Exercise aim: Beginning with the line that contains "Other recurring imagery", retype the entries below exactly, ending with the line that contains "Mochila com aba". Leave out any pictures.

Input material:
-- Opening Marker --

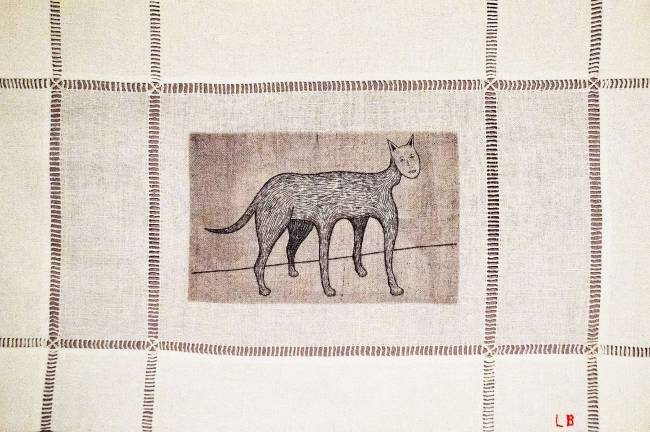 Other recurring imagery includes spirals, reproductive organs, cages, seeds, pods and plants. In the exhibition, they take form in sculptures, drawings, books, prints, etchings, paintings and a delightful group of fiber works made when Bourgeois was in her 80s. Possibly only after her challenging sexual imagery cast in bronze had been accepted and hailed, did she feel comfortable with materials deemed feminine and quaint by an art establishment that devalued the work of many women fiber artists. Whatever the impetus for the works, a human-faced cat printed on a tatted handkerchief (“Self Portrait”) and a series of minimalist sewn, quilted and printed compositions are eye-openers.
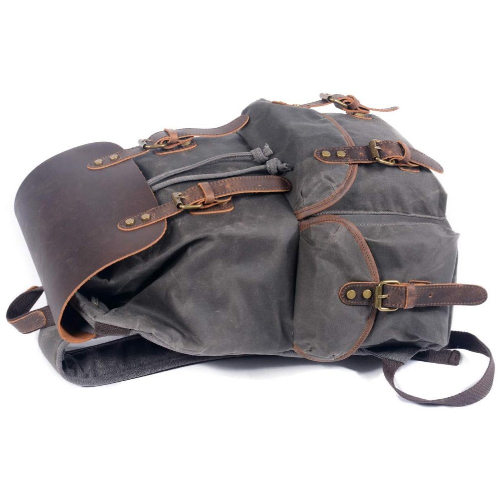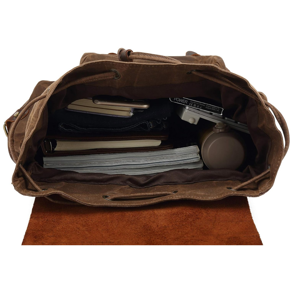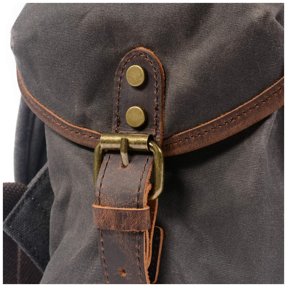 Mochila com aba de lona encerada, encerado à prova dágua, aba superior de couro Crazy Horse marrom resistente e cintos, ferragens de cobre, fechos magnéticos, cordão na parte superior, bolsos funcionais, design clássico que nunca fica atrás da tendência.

-- Closing Marker --
-- Opening Marker --

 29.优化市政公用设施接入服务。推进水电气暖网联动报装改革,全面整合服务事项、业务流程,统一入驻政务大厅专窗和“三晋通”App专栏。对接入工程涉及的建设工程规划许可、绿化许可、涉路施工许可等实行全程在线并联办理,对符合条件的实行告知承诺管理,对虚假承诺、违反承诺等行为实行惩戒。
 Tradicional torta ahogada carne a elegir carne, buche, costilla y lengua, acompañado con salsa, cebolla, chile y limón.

-- Closing Marker --
-- Opening Marker --

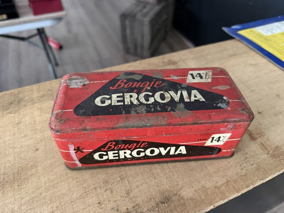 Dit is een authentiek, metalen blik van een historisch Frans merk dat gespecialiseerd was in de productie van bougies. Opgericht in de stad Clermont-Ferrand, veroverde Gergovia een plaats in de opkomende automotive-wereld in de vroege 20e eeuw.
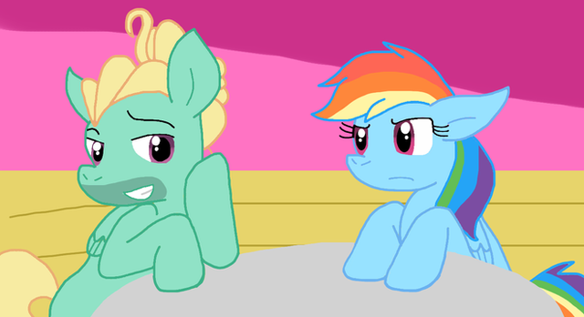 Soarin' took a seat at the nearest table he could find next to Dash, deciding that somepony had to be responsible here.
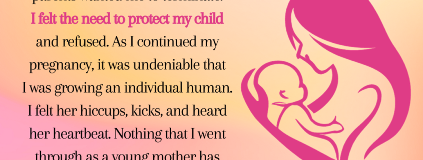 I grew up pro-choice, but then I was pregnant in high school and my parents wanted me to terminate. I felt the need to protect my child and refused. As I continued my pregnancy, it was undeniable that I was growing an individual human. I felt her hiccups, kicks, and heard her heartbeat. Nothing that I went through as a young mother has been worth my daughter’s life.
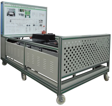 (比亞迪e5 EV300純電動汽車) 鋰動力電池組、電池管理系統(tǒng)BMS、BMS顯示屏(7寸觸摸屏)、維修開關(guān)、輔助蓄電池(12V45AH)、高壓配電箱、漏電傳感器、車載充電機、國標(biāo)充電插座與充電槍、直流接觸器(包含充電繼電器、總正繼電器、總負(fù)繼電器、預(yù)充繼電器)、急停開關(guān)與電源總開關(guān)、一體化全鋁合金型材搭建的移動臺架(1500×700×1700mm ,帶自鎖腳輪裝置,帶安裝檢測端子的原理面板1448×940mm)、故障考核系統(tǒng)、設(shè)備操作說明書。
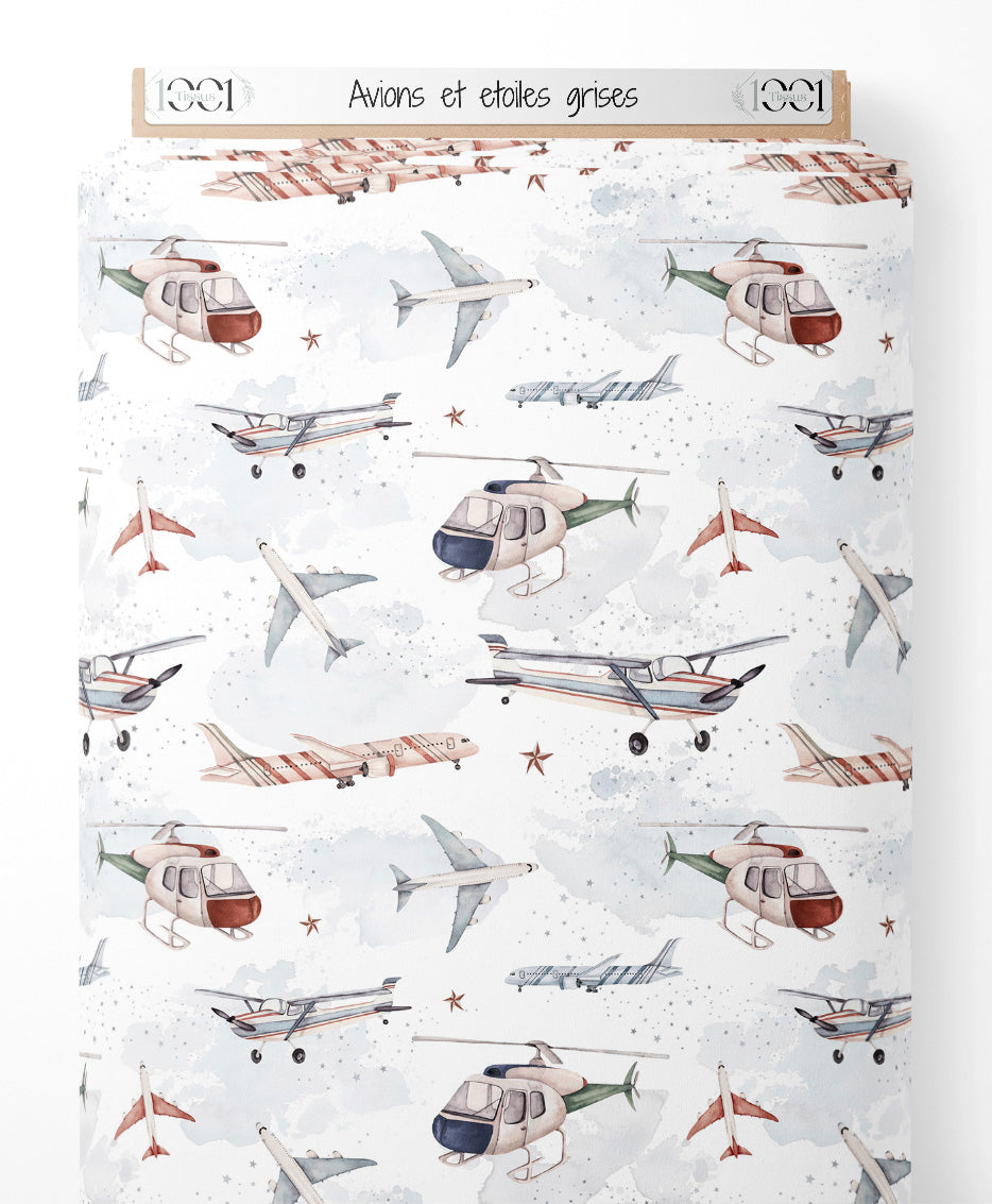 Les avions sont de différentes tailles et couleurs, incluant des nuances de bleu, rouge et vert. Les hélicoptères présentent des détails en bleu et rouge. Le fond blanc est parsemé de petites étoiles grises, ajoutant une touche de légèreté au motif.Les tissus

-- Closing Marker --

Answer below:
 Other recurring imagery includes spirals, reproductive organs, cages, seeds, pods and plants. In the exhibition, they take form in sculptures, drawings, books, prints, etchings, paintings and a delightful group of fiber works made when Bourgeois was in her 80s. Possibly only after her challenging sexual imagery cast in bronze had been accepted and hailed, did she feel comfortable with materials deemed feminine and quaint by an art establishment that devalued the work of many women fiber artists. Whatever the impetus for the works, a human-faced cat printed on a tatted handkerchief (“Self Portrait”) and a series of minimalist sewn, quilted and printed compositions are eye-openers.
 Mochila com aba de lona encerada, encerado à prova dágua, aba superior de couro Crazy Horse marrom resistente e cintos, ferragens de cobre, fechos magnéticos, cordão na parte superior, bolsos funcionais, design clássico que nunca fica atrás da tendência.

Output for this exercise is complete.